Documentation
Groups
Groups let you manage access for multiple users at once. Instead of granting each user access to a repository individually, you grant the group and then add members to it. New members pick up all group grants immediately; removed members lose them.
Creating a group
/groups add <name>
Example:
/groups add backend-team
Expected output:
created group 'backend-team'
Group names should be descriptive and lowercase. There are no strict naming rules enforced, but consistent conventions help when managing many groups.
Adding a user to a group
/groups assign <group> <login>
Example:
/groups assign backend-team alice
/groups assign backend-team bob
Expected output:
added 'alice' to group 'backend-team'
added 'bob' to group 'backend-team'
Both the user and the group are updated immediately. The user inherits all grants the group currently holds, and any future grants added to the group also apply to them.
A user can be a member of multiple groups. Their effective access is the union of all grants across their individual grants and every group they belong to.
Granting access to a group
/groups grant <group> <path> <role>
Example — give the whole team write access to two repositories:
/groups grant backend-team */git/api-service writer
/groups grant backend-team */git/shared-lib writer
The path and role work identically to /users grant. See Git access control and grants for the full path and wildcard reference.
Every member of backend-team — including any users added to the group in the future — can now push to both repositories.
Listing groups
/groups list
Expected output shape:
backend-team members: [alice, bob]
grant: */git/api-service writer
grant: */git/shared-lib writer
readers members: [carol]
grant: */git/* reader
Each group shows its members and all grants currently attached to it.
Revoking a group grant
/groups revoke <group> <path>
Example:
/groups revoke backend-team */git/shared-lib
This removes the group's grant on that path. Individual user grants on the same path are not affected. Members who had access through this group grant, and no other matching grant, immediately lose access.
Full example: setting up a team
Here is a complete walkthrough for a small team with different access levels.
1. Create the users
/users add alice password-for-alice
/users add bob password-for-bob
/users add carol password-for-carol
/users add ci-bot password-for-ci
2. Create the groups
/groups add contributors
/groups add maintainers
/groups add automation
3. Assign members
/groups assign contributors alice
/groups assign contributors bob
/groups assign maintainers carol
/groups assign automation ci-bot
4. Grant group access
Contributors can push to the main project repository:
/groups grant contributors */git/my-project writer
Maintainers have full ownership (can delete refs, manage the repo):
/groups grant maintainers */git/my-project owner
The CI bot can read everything over SSH but write only to deployment config:
/groups grant automation ssh/git/* reader
/groups grant automation */git/deploy-config writer
5. Verify the setup
/groups list
automation members: [ci-bot]
grant: ssh/git/* reader
grant: */git/deploy-config writer
contributors members: [alice, bob]
grant: */git/my-project writer
maintainers members: [carol]
grant: */git/my-project owner
Alice and Bob can push. Carol can push and owns the repository. The CI bot can clone everything and push only to deploy-config.

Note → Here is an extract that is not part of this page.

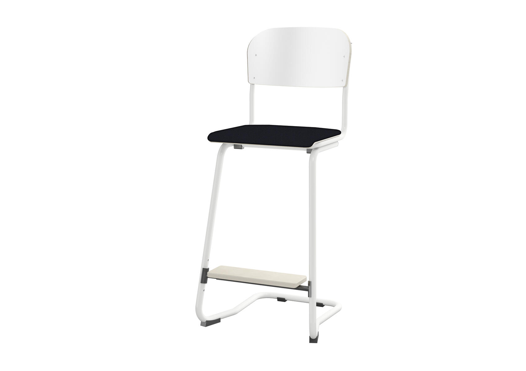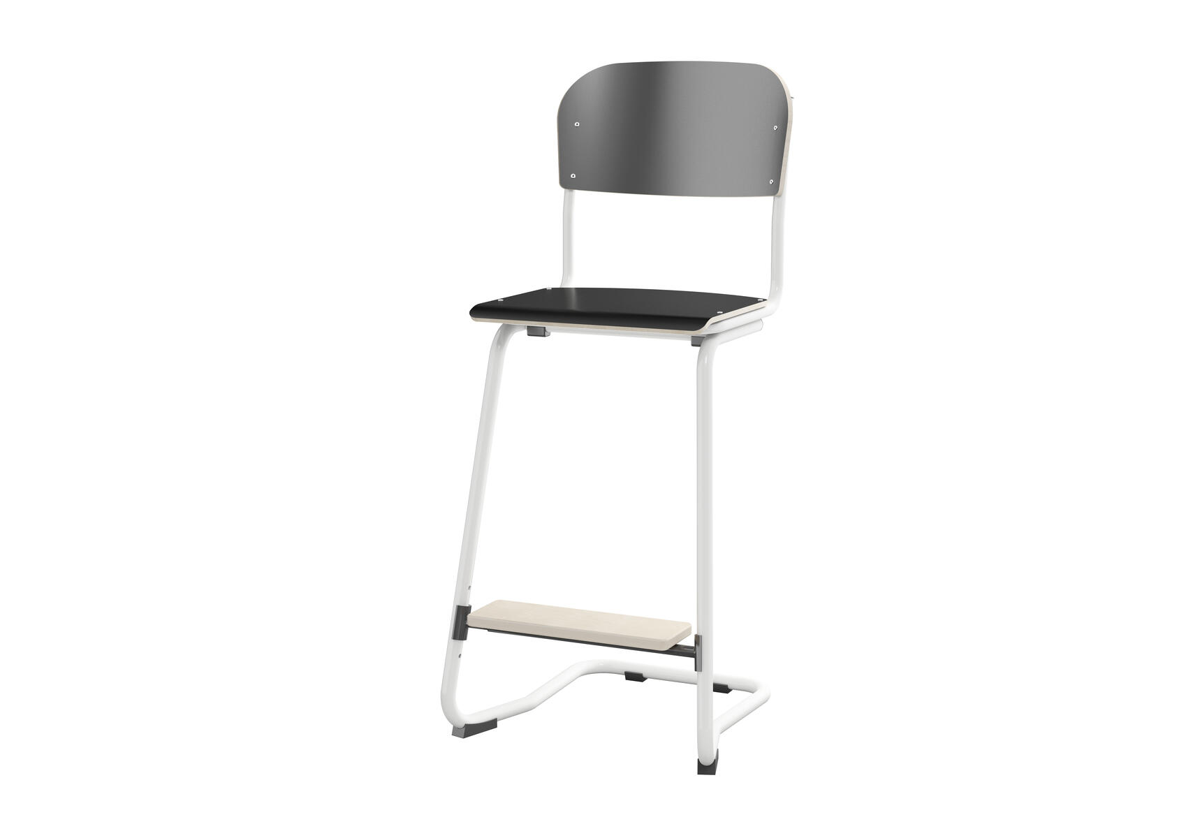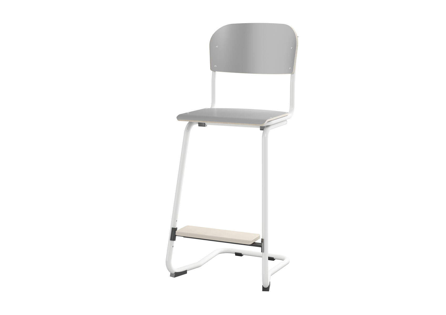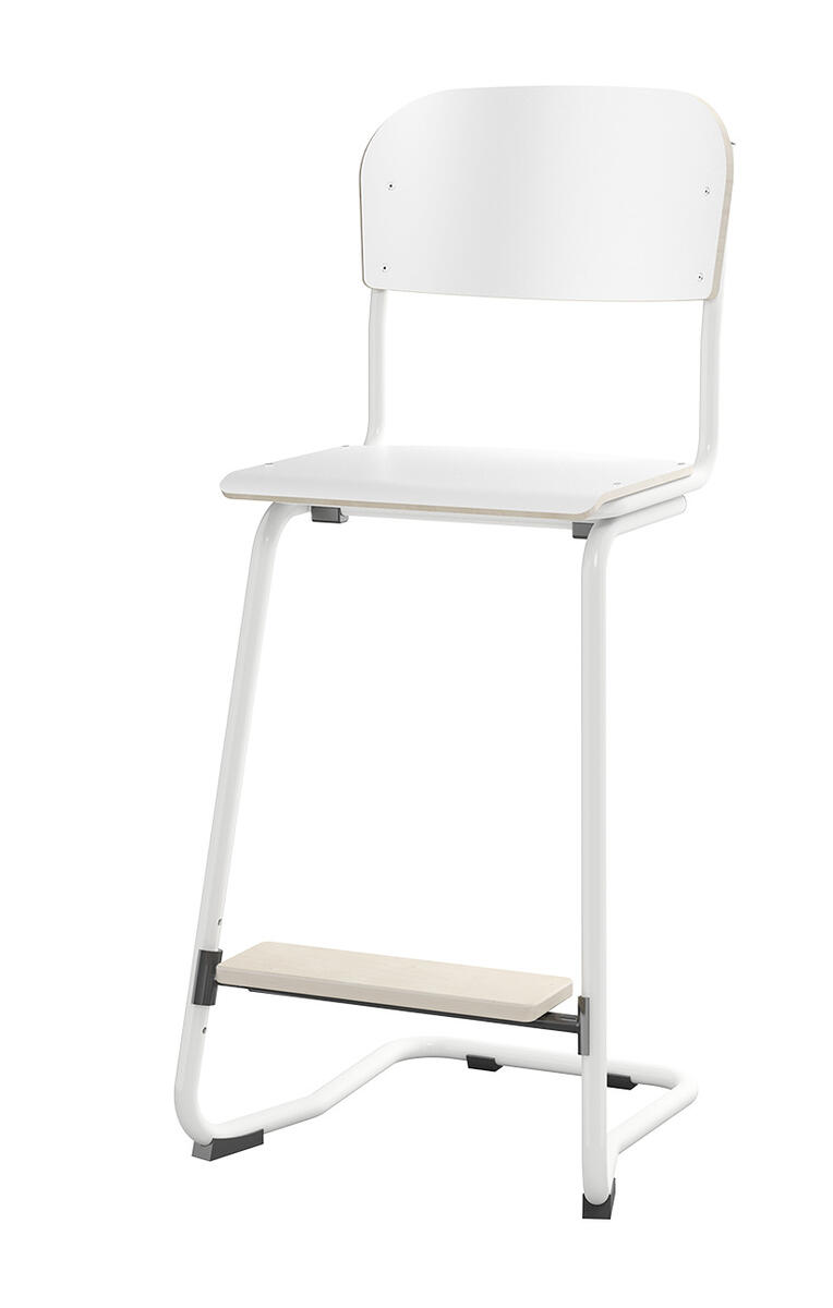 Stapelbar. Ljuddämpande tassar. Reglerbart fotstöd. Sitthöjd: 65 cm. Sitsmått: B42xD39 cm. Vikt 5,3 kg. Sits och rygg i högtryckslaminat. Vitlackerat stativ RAL 9003.

6. Adding a new contributor later
When a new team member joins:
/users add dave password-for-dave
/groups assign contributors dave
Dave immediately gets write access to my-project without needing any individual grant. No other commands are needed.
How group grants interact with individual grants
A user's effective role for any given path is the highest role from any matching source:
- their individual grants
- grants from every group they belong to
- the implicit self-ownership rule (if the path namespace matches their login)
These sources are additive. There is no way to use a group to deny access that an individual grant provides, or vice versa. If you need to remove access from a user who has it through a group, you must either remove them from the group or revoke the group grant entirely.